Integral cos(x)/(1+sin^2(x)) dx

[Messagehelp]

I have to evaluate that integral. Im not sure about anything. the answer in the back says its tan^-1(sin(x))+c.

Thanks in advance

 

[soroban]

Hello, Messagehelp!

Please don't put the problem in the subject line.

\(\displaystyle \L\int\frac{\cos(x)}{1\,+\,\sin^2(x)}\,dx\)


Let $\displaystyle u\,=\,\sin(x)$ and substitute . . .

 

[Messagehelp]

i have worked it out to -du/1+u^2... but i dont know what to do next.

 

[pka]

It should be $\displaystyle \frac{{du}}{{1 + u^2 }}$.

That is arctangent form.

 

[soroban]

Hello, Messagehelp!

You already made an error . . .


\(\displaystyle \L\int\frac{\cos(x)}{1\,+\,\sin^2(x)}\,dx\)

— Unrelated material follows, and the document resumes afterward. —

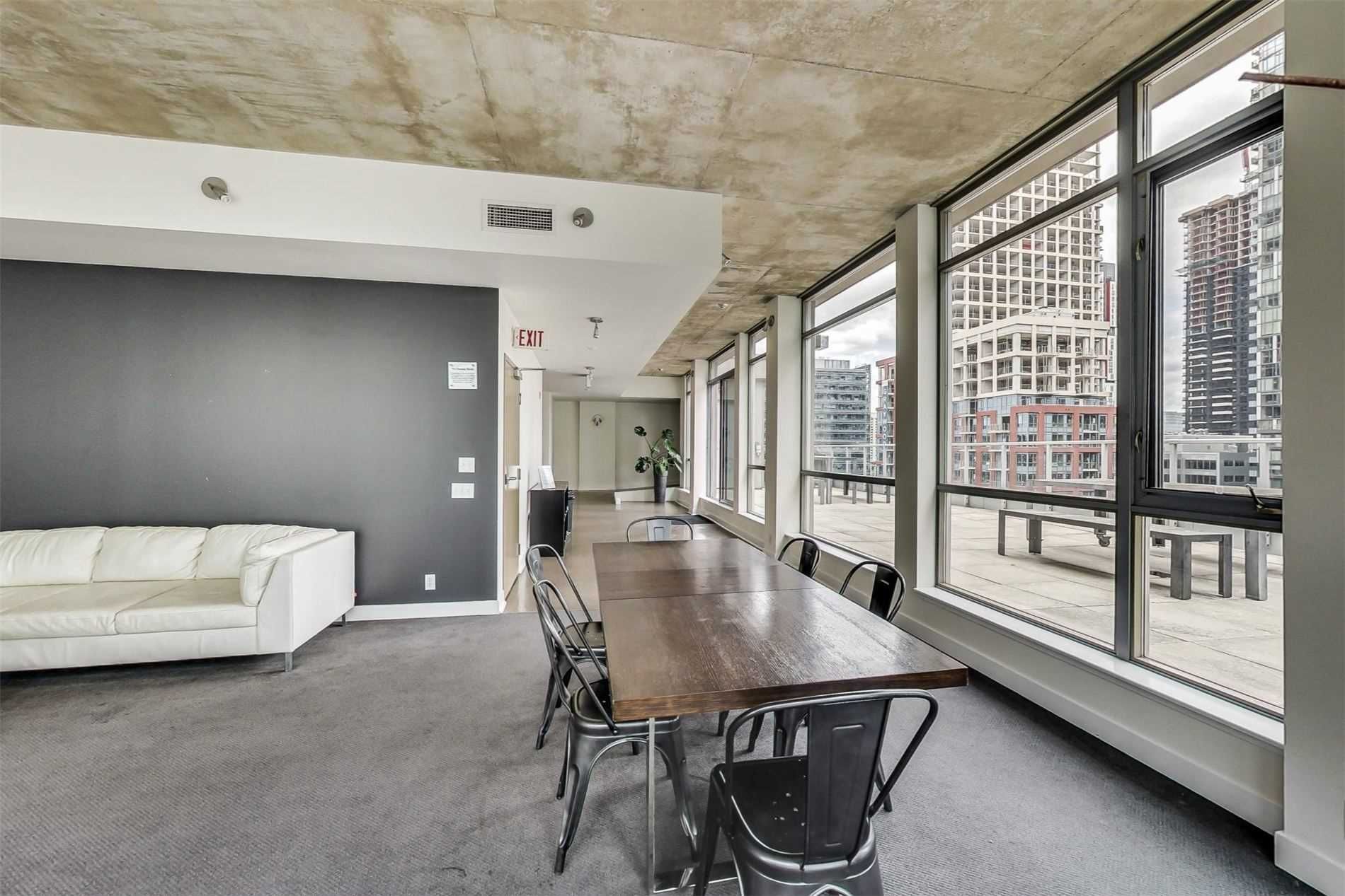 Welcome to the iconic charlotte lofts, a stunning 884sqft one bedroom corner loft in an exclusive 63-suite boutique building, perfectly situated in one of toronto's most walkable, energetic neighbourhoods. Steps to king west, queen west, and the financial district, you're surrounded by the city's best dining, nightlife, shopping, and transit. This sun-filled loft blends industrial character with modern design, featuring soaring exposed concrete ceilings, a statement column, and wrap-around floor-to-ceiling windows with blackout blinds. The expansive living/dining area with a wainscoting feature wall offers exceptional flexibility for entertaining or working from home, with a juliette balcony showcasing southeast city views. The scavolini kitchen is sleek and functional with corian counters, built-in stainless steel appliances, ample storage, and a movable island. Incredible custom storage solutions-including a front hall closet and a den converted into a massive walk-in closet, add thoughtful luxury. The primary suite features floor-to-ceiling windows, built-ins, and a spa-like 4-piece bath with dual rainfall shower heads. A true statement loft in an unbeatable downtown location. Hydro, water, heat, and central air are all included in monthly fees.
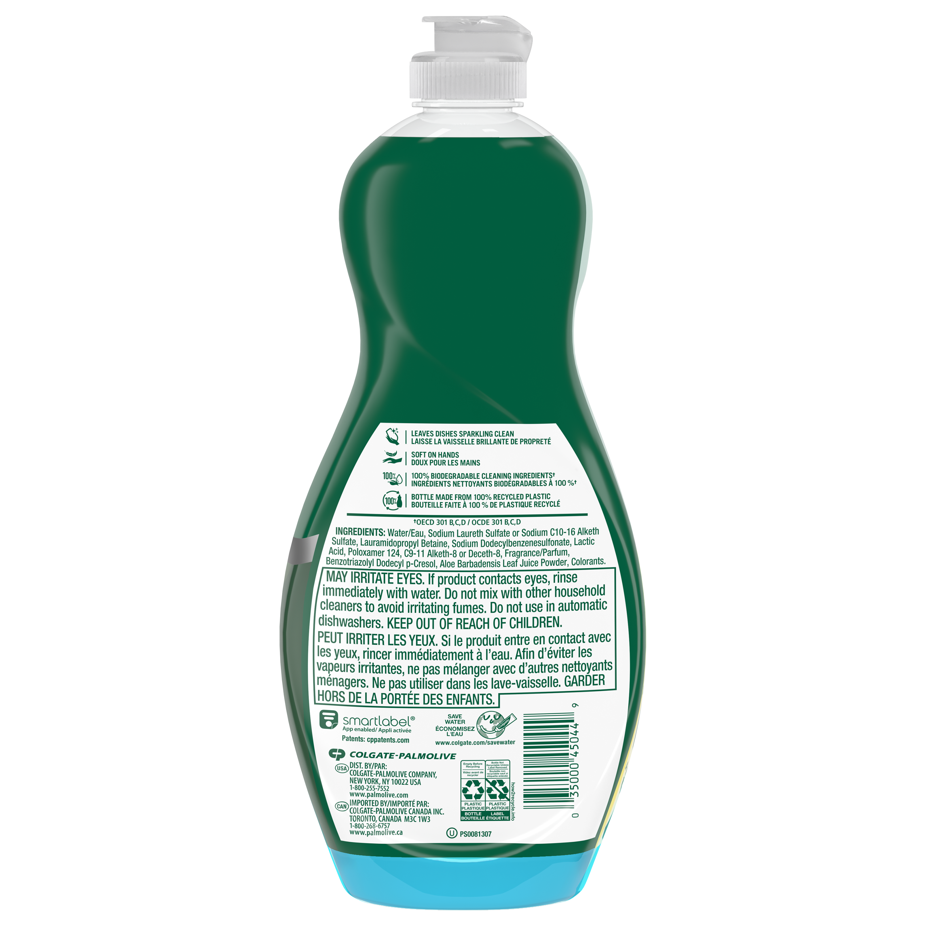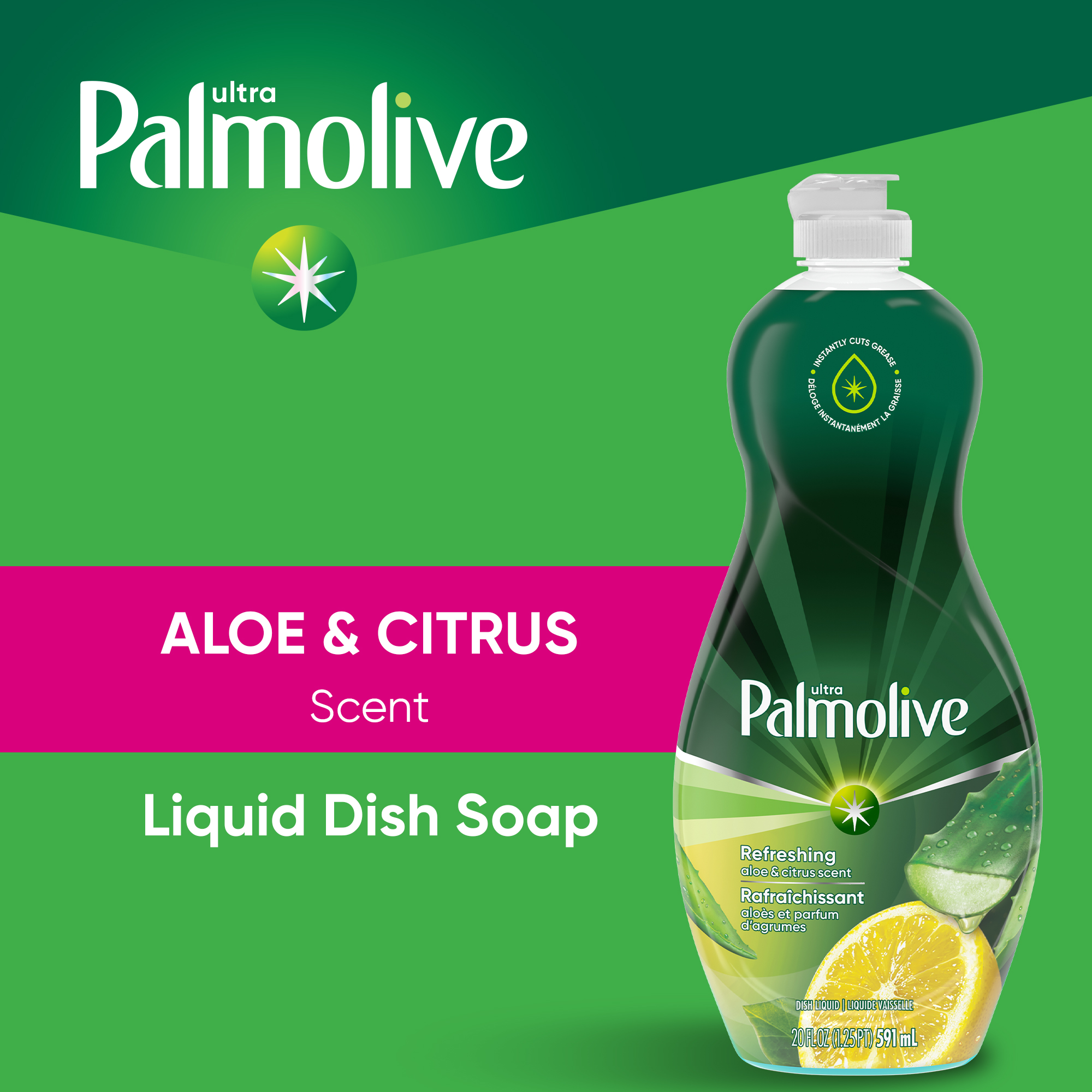 SKU US04230A Consumer Unit - GTIN 00035000450449 Case - GTIN 10035000450446 Product Category Home Care Product Sub Category Dish Hand Product Equity (Brand) Palmolive Product Sub Brand Palmolive Soft Touch Ultra HD Product Title Palmolive Ultra Experientials Liquid Dish Soap, Aloe & Citrus Scent - 20 Fluid Ounce Product Description Palmolive Ultra Soft Touch Aloe & Citrus Scent Liquid Dish Soap is the grease fighting dish soap to help you tackle tough messes, while being soft on your hands and leaving them feeling smooth. From stuck-on food to your greasiest dishes, Palmolive Ultra is there to help you tackle tough messes and delivers powerful grease cutting to make even your dirtiest dishes an easy clean. While Palmolive Ultra is tough on grease, it is made to be gentle on the earth, with biodegradable cleaning ingredients and sustainable packaging made with post-consumer recycled plastic. These eco friendly features make it a great addition to your household dishwashing supplies. Make a difference at home and on the environment with Palmolive Ultra. eCommerce Copy- Long Description Delightful scents. Powerful clean. The only thing nicer than Palmolive-clean dishes are the scents you experience while you’re washing them. Palmolive Ultra Experientials Liquid Dish Soaps are the grease-fighting dish soaps that tackle your toughest messes with enticing scents that make doing the dishes a little more rewarding. From stuck-on food to your greasiest dishes, Palmolive Ultra Experientials Liquid Dish Soaps deliver powerful grease-cutting. And as tough on grease as they are, they’re also gentle on the planet, with 100% biodegradable cleaning ingredients✝ and 0% parabens and phosphates. Experience the delightful scents of Palmolive Ultra Experientials Liquid Dish Soaps, and enjoy a powerful clean for all your senses. ✝OECD 301 B, C, D / OCDE 301 B, C, D Today the dishes. Tomorrow the world. For over 50 years, households have relied on Palmolive for powerful grease cutting in the kitchen and beyond. And now, we’re thinking about what we can do for the next 50. Palmolive has always engineered our dishwashing liquid to be tough on grease yet soft on hands. Today, this extends to caring for the planet, too: Made in a TRUE Zero Waste Certified Manufacturing Facility* 100% post-consumer recycled plastic bottles (for 46 oz and under) 100% Biodegradable Cleaning Ingredients✝ 0% Parabens and Phosphates No matter which of our Palmolive Ultra Concentrated Dish Soaps you choose, you can rest assured you’re taking a small step towards making a big difference. Palmolive: Tough on Grease, Gentle on Planet *TRUE is a zero waste certification program for businesses to assess performance in reducing waste. Learn more at true.gbci.org. ✝OECD 301 B, C, D / OCDE 301 B, C, D Bullet 1 Refreshing Aloe & Citrus scent liquid dish soap Bullet 2 Our liquid dish soap instantly cuts through grease Bullet 3 This liquid dish soap tackles your toughest messes, from stuck-on food to greasy dishes Bullet 4 Our liquid dish soap delivers a powerful clean for all your senses Bullet 5 This liquid dish soap is tough on grease, gentle on planet Bullet 6 Our liquid dish soap is packaged in 100% post-consumer recycled plastic bottles (for 46 oz and under) Bullet 7 Our liquid dish soap uses 100% Biodegradable Cleaning Ingredients Bullet 8 Our liquid dish soap containes 0% Parabens and Phosphates Bullet 9 Do not use this dishwashing liquid soap in automatic dishwashers Amazon RPC B01NAPQGMF AMZ URL https://www.amazon.com/dp/B01NAPQGMF Walmart RPC 103208614 Walmart URL (Computed) https://www.walmart.com/ip/a/103208614 CVS RPC 746091

Let $\displaystyle u\,=\,\sin(x)\;\;\Rightarrow\;\;du\,=\,\cos(x)\,dx\;\;\Rightarrow\;\;dx \,=\,\frac{du}{\cos(x)}$

Substitute: \(\displaystyle \L\:\int\frac{\cos(x)}{1\,+\,u^2}\left(\frac{du}{\cos(x)}\right) \;=\;\int\frac{du}{1\,+\,u^2}\)

And you don't recognize this form??


Formula \(\displaystyle \L\;\int\frac{du}{1\,+\,u^2}\)$\displaystyle \;=\;\tan^{^{-1}}(u)\,+\,C$